• _AIM OF THE TASK_: Return the listing below verbatim. Pictures do not belong in the copy.

***** COLLECTED DATA *****

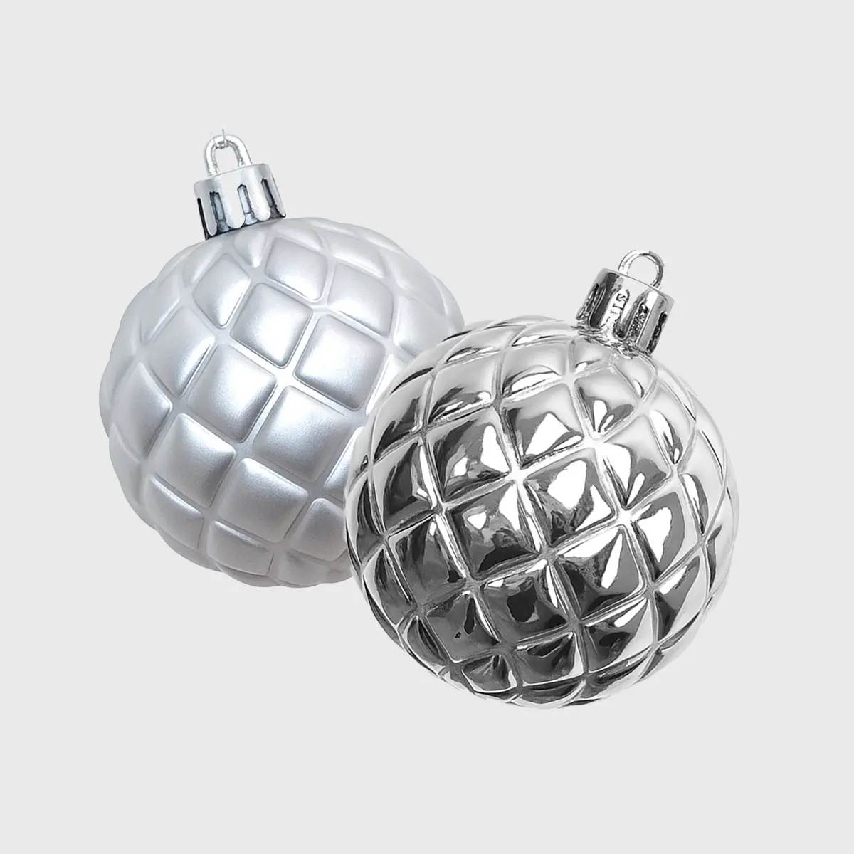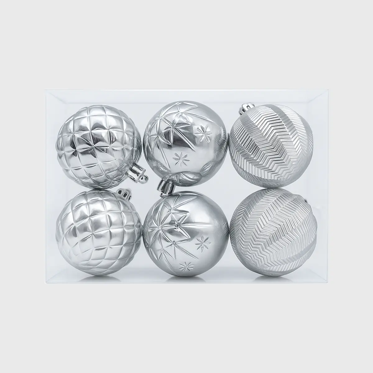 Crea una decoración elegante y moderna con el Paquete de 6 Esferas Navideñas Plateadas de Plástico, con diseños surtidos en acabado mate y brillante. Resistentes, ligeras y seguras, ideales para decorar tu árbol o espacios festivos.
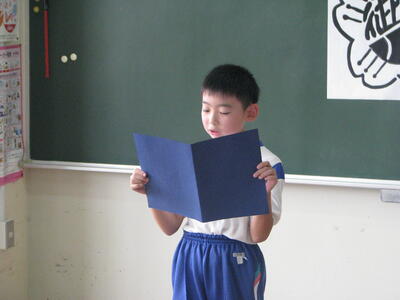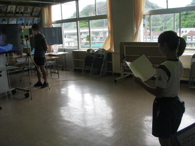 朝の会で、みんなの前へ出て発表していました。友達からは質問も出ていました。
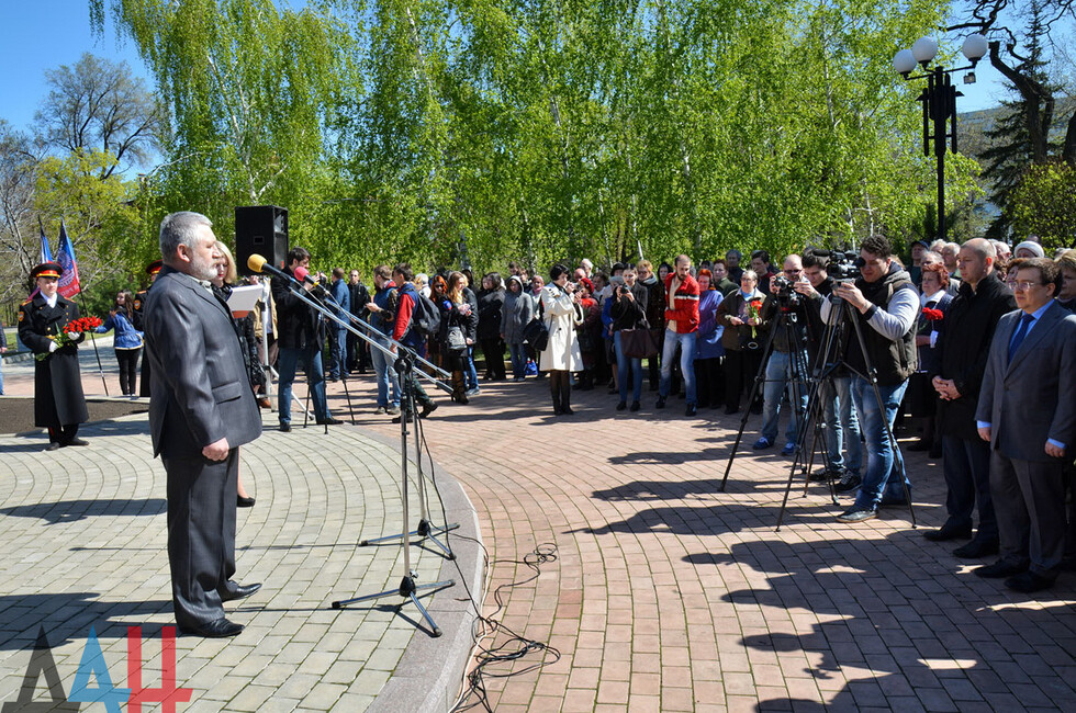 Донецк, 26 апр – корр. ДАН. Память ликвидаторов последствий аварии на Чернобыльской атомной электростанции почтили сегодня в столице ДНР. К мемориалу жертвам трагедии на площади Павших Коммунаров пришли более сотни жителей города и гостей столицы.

*****

• _EXPECTED OUTPUT_:
 Crea una decoración elegante y moderna con el Paquete de 6 Esferas Navideñas Plateadas de Plástico, con diseños surtidos en acabado mate y brillante. Resistentes, ligeras y seguras, ideales para decorar tu árbol o espacios festivos.
 朝の会で、みんなの前へ出て発表していました。友達からは質問も出ていました。
 Донецк, 26 апр – корр. ДАН. Память ликвидаторов последствий аварии на Чернобыльской атомной электростанции почтили сегодня в столице ДНР. К мемориалу жертвам трагедии на площади Павших Коммунаров пришли более сотни жителей города и гостей столицы.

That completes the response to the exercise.